Empresas ampliam políticas de bem-estar após alta de afastamentos por ansiedade e depressão
Especialista em saúde mental da HealthBit reúne 5 dicas para apoiar empresas na prevenção do adoecimento emocional
A saúde mental entrou de vez na agenda corporativa, e não apenas por uma questão de reputação. O Brasil bateu, pela segunda vez na última década, o recorde de afastamentos do trabalho por transtornos mentais. Dados do Ministério da Previdência Social mostram que, em 2025, mais de meio milhão de licenças foram concedidas por esse motivo. No mesmo período, os afastamentos por ansiedade e depressão cresceram 15% em relação ao ano anterior.
É nesse contexto que a atualização da Norma Regulamentadora nº 1 (NR-1) ganha ainda mais relevância. Ao reforçar a obrigatoriedade de identificação e gestão de riscos psicossociais no ambiente corporativo, a norma coloca a saúde mental no centro da estratégia de prevenção das empresas, e não mais apenas como ação pontual de bem-estar.
De acordo com Eduardo Melo, Supervisor de Saúde Mental na HealthBit, a mudança representa um avanço importante na forma como as organizações precisam encarar o tema. “A saúde mental deve ser tratada de forma estruturada, com monitoramento contínuo e ações preventivas. Não se trata apenas de cumprir uma exigência legal, mas de transformar a cultura organizacional para reduzir riscos e promover ambientes mais seguros e produtivos”, afirma.

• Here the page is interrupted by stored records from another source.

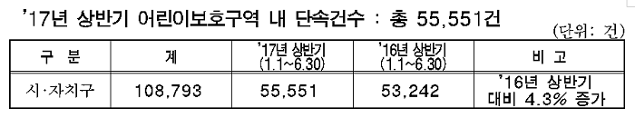 어린이 보호구역내 교통사고 총 266건(’13년 80건, ’14년 96건, ’15년 90건)을 발생위치별로 보면, 도로횡단시 188건(70.7%), 길 가장자리 47건(17.7%), 교차로 12건(4.5%), 기타 19건(7.1%)으로 조사됐다. 시는 자치구와 함께 교통사고가 집중되는 등·하교 시간대에 서울시내 어린이보호구역 1,730개소 초등학교 출입문 주변 등에 단속인력을 집중 배치할 계획이다. 어린이보호구역 내 교통사고의 34%(8~9시 9%, 15~16시 12%, 17~18시 13%)가 등·하교 시간대에 발생한 것으로 나타났다. (’13년~’15년 기준) 시는 6차로 이상 간선도로, 자치구는 6차로 미만 이면도로에서 주‧정차 단속을 실시하며, 과속 등의 단속권한이 있는 경찰과 협업하여 어린이보호구역 안전계도‧단속을 실시한다.
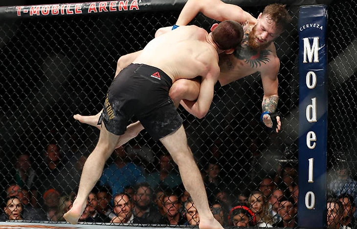 В партере Хабиб как рыба в воде: контроль, гранд-энд-паунд, болевые. Очевидно, что если бой перейдет вниз, то даже олимпийскому чемпиону по борьбе будет трудно встать, а пока Гейджи будет вставать, Хабиб будет забирать очки.
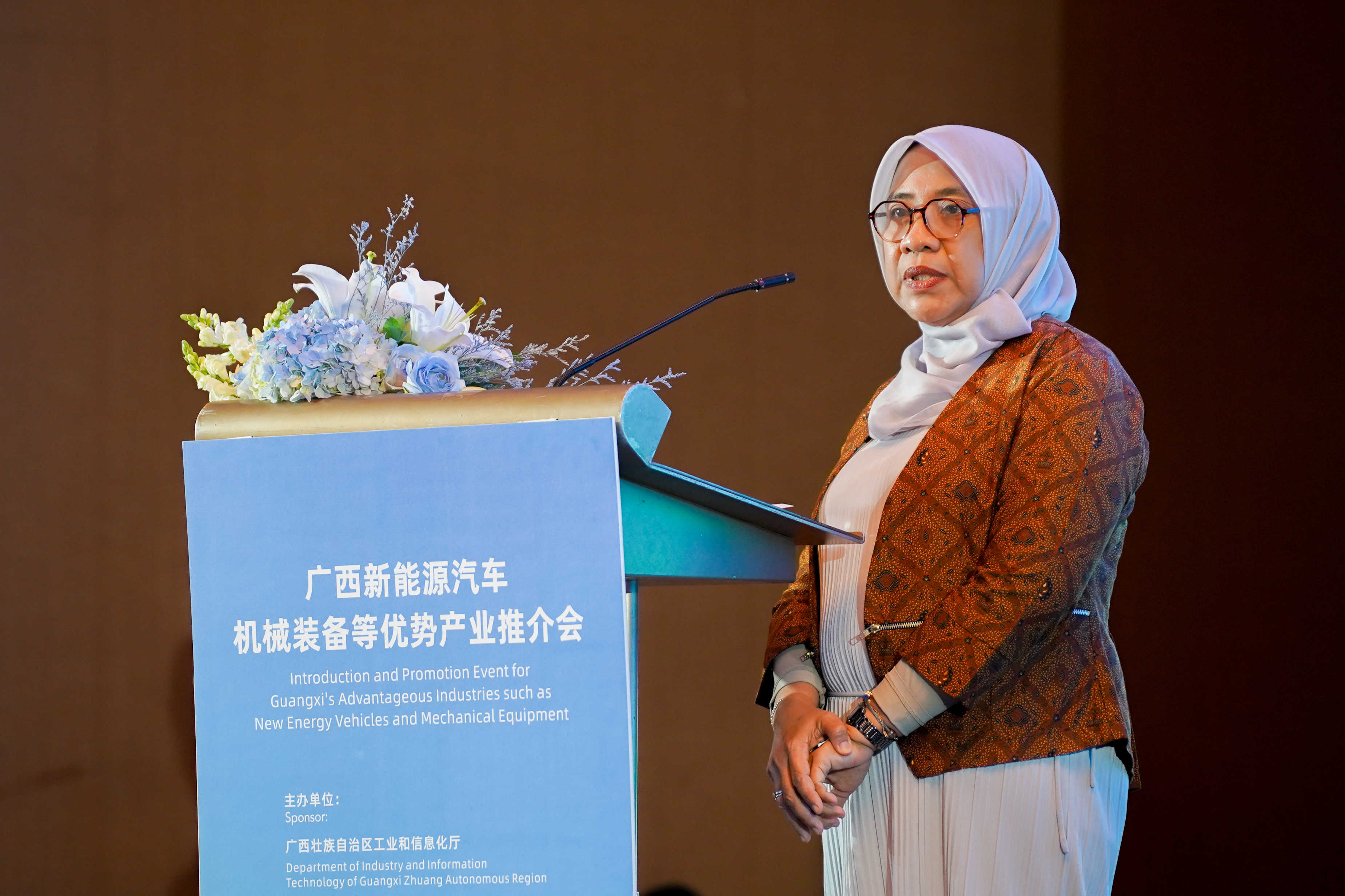印尼投资和下游产业部东亚-南亚-中东和非洲投资促进司、印尼电动汽车行业协会、广西玉柴集团、桂林国际电线电缆集团、广西盛亚科技集团、印尼国轩公司等代表先后做了推介发言。
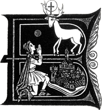 Pewnego dnia bowiem, podczas polowania, spotkał stado jeleni, a wśród nich ujrzał jednego, który był większy i piękniejszy od innych. Oddzielił się on od gromady innych i pobiegł w pustkę leśną. Placidus usilnie podążał za nim i próbował go schwytać, podczas gdy jego żołnierze zajęli się pozostałymi jeleniami. Otóż gdy tak z całych sił biegł za jeleniem, ten wreszcie wskoczył na wysoką skałę, a Placidus zbliżywszy się pilnie rozważał, w jaki sposób mógłby go schwytać. Wpatrując się jednak bez przerwy w jelenia, ujrzał pomiędzy jego rogami kształt krzyża świętego, który błyszczał jaśniej od słońca, i obraz Chrystusa, który przez usta jelenia, jak niegdyś do Balaama przez usta oślicy, tak przemówił do niego: Placydzie, dlaczego mnie prześladujesz? Oto ja z miłości do ciebie ukazałem ci się w tym zwierzęciu! Ja jestem Chrystus, którego ty nie znasz, lecz czcisz. Jałmużny twoje do mnie się wznoszą, z ich powodu przybyłem, bym przez tego jelenia, na którego ty polowałeś, ja teraz ciebie złowił. Inni jednak opowiadają, że sam obraz Chrystusa, który ukazał się pomiędzy rogami jelenia, wymówił te słowa. Placidus zaś słysząc je, ogarnięty wielką trwogą, spadł z konia na ziemię. Po upływie godziny wróciwszy do siebie podniósł się z ziemi i rzekł: Wyjaśnij mi bliżej, co mówisz, a uwierzę w Ciebie! Chrystus tedy rzekł: Placydzie, ja jestem Chrystus, który stworzył niebo i ziemię. Ja kazałem powstać światłu i oddzieliłem je od ciemności. Ja stworzyłem pory roku, dnie i lata, z prochu ziemskiego utworzyłem człowieka. Ja dla zbawienia rodu ludzkiego przyszedłem na świat w ludzkiej postaci, a ukrzyżowany i pogrzebany zmartwychwstałem trzeciego dnia. Usłyszawszy te słowa Placidus upadł znowu na ziemię i rzekł: Wierzę, Panie, że Ty stworzyłeś wszystko i nawracasz błądzących. Pan zaś rzekł doń: Jeśli wierzysz, idź do biskupa tego miasta i daj się ochrzcić. Placidus tedy zapytał: Panie, czy chcesz, abym oznajmił to mojej żonie i synom i aby oni również w Ciebie uwierzyli? A Pan odrzekł: Oznajmij im, aby i oni wraz z tobą zostali oczyszczeni. Sam przyjdź tu również jutro, a ja ukażę ci się znowu i objawię ci jaśniej to, co się stanie. Skoro Placidus wrócił do domu i w łożu oznajmił o tym żonie, ta zawołała : Panie mój, ja również widziałam Go ubiegłej nocy i mówił do mnie: Jutro ty, mąż twój i synowie przyjdziecie do mnie. Teraz już wiem, że to był Jezus Chrystus! Udali się więc o północy do biskupa rzymskiego, który z wielką radością ochrzcił ich i nazwał Placyda Eustachym, a żonę jego Teospitą, synowie zaś otrzymali imiona: Agapit i Teospit. Gdy nadszedł ranek, Eustachy wyruszył na polowanie jak poprzedniego dnia. Przybywszy w pobliże owego miejsca rozesłał swoich żołnierzy pod pozorem, że mają szukać tropów zwierząt, sam zaś stanął na dawnym miejscu. Ujrzawszy zaś to samo widzenie upadł na twarz i rzekł: Błagam Cię, Panie, objaw słudze Twemu to, co obiecałeś! Pan zaś rzekł: Szczęśliwy jesteś, Eustachy, że obmyłeś się w źródle mej łaski, ponieważ pokonałeś diabła, podeptałeś tego, który ciebie oszukiwał. Ale teraz okaże się wiara twoja: diabeł bowiem teraz zawziął się na ciebie za to, że go opuściłeś. Wiele musisz znieść, aby otrzymać koronę zwycięstwa. Wiele musisz przecierpieć, utracisz czcze dostojeństwa tego świata, lecz za to wywyższony zostaniesz w duchowym bogactwie. Nie trać jednak otuchy, nie spoglądaj wstecz na twoją minioną chwałę, ponieważ trzeba, abyś w tych ciężkich próbach okazał się drugim Jobem. Gdy zaś będziesz poniżony, wtedy ja przyjdę do ciebie i przywrócę ci dawną chwałę. Powiedz więc, czy teraz chcesz podjąć tę próbę, czy na końcu twego życia? Eustachy zaś odrzekł: Panie, jeśli trzeba, aby się tak stało, to ześlij na nas teraz te próby, użycz nam jednak cnoty cierpliwości! A Pan odrzekł mu: Bądź mężny, bo łaska moja będzie strzegła dusz waszych. Po czym Pan wstąpił do nieba, a Eustachy powrócił do domu i opowiedział wszystko swojej żonie. Po kilku dniach zaraza poczęła się szerzyć pomiędzy niewolnikami i niewolnicami Eustachego i zabiła wreszcie wszystkich. W jakiś czas potem wszystkie jego konie i trzody nagle wyginęły. Złoczyńcy zaś, widząc nieszczęście, w którym się znalazł Eustachy, napadli nocą na jego dom i zabrali wszystko, co tylko znaleźli. Obrabowali cały dom ze złota, srebra i wszelkiego dobytku, Eustachy zaś nago uciekł nocą wraz z żoną i synami, ale i za to dziękował Bogu. Wstydząc się swej nędzy udali się do Egiptu, a cała ich majętność została zupełnie zniszczona przez rabunki złych ludzi. Tymczasem król i cały senat boleli bardzo nad stratą tak doskonałego wodza, a to tym bardziej, że nie mogli w żaden sposób natrafić na ślad po nim. Tymczasem Eustachy i jego rodzina w swojej wędrówce dotarli do morza, a spotkawszy okręt wypłynęli w nim na morze. Właściciel okrętu ujrzawszy żonę Eustachego, która była bardzo piękna, zapragnął ją mieć dla siebie. Gdy więc przepłynęli morze, zażądał od nich zapłaty. Ponieważ zaś nie mieli pieniędzy, oświadczył, że jako rękojmia zapłaty żona Eustachego zostanie na okręcie, ponieważ chciał zabrać ją ze sobą. Eustachy usłyszawszy to żadną miarą nie chciał się zgodzić i długo się opierał, ale właściciel okrętu skinął na marynarzy, aby go wrzucili do morza, chcąc w ten sposób posiąść jego żonę. Gdy to Eustachy zrozumiał, z wielkim smutkiem zostawił żonę, wzdychając wziął swych dwóch synów i odchodząc rzekł: Biada mnie i wam, bo obcy mąż zabrał waszą matkę! Przyszedł później nad pewną rzekę, lecz nie miał odwagi przejść przez nią z dwoma chłopcami, ponieważ była bardzo wezbrana. Pozostawił więc jednego s

Para apoiar empresas nesse processo, a especialista elenca cinco medidas práticas para promover cultura de bem-estar nas empresas
Mapear riscos psicossociais
O primeiro passo é realizar um diagnóstico estruturado do ambiente organizacional, identificando fatores como sobrecarga de trabalho, metas desproporcionais, jornadas extensas, conflitos interpessoais e falhas de comunicação. Esse mapeamento pode ser feito por meio de pesquisas de clima, entrevistas, análise de indicadores internos e avaliações periódicas. A coleta e análise de dados permitem transformar percepções subjetivas em informações concretas, facilitando a construção de planos de ação assertivos e alinhados à realidade da empresa.
Capacitar lideranças para uma gestão mais humanizada
Gestores exercem papel decisivo na prevenção do adoecimento mental. Investir em treinamentos sobre saúde emocional, escuta ativa, comunicação não violenta e gestão de conflitos contribui para que líderes reconheçam sinais precoces de esgotamento, queda de desempenho e mudanças comportamentais. Além disso, lideranças bem preparadas ajudam a criar um ambiente de confiança, no qual o colaborador se sente seguro para expor dificuldades sem receio de julgamento ou retaliação.
Criar canais seguros de escuta e acolhimento
Disponibilizar canais confidenciais de apoio psicológico, programas de assistência ao empregado e políticas claras contra assédio são medidas essenciais para fortalecer a cultura de cuidado. Mais do que oferecer benefícios, é fundamental garantir que os colaboradores conheçam esses recursos e confiem na confidencialidade das informações. Ambientes psicologicamente seguros incentivam a busca por ajuda nos primeiros sinais de sofrimento, evitando o agravamento dos quadros e possíveis afastamentos.
Revisar metas, processos e cargas de trabalho
A prevenção também passa por uma análise crítica da estrutura organizacional. Metas inalcançáveis, prazos excessivamente curtos e acúmulo constante de funções são fatores que contribuem para o estresse crônico. Avaliar fluxos de trabalho, redistribuir demandas e promover maior equilíbrio entre vida profissional e pessoal são ações que impactam diretamente na redução do risco psicossocial. Produtividade sustentável depende de planejamento realista e gestão eficiente de recursos humanos.
Monitorar indicadores de forma contínua e estratégica
A gestão da saúde mental deve ser acompanhada por métricas claras, como índices de absenteísmo, turnover, afastamentos por transtornos mentais e níveis de engajamento. O monitoramento contínuo permite identificar tendências, avaliar a eficácia das iniciativas implementadas e realizar ajustes sempre que necessário. Tratar esses dados com a mesma relevância que indicadores financeiros reforça o compromisso da organização com a sustentabilidade do negócio e o bem-estar das equipes.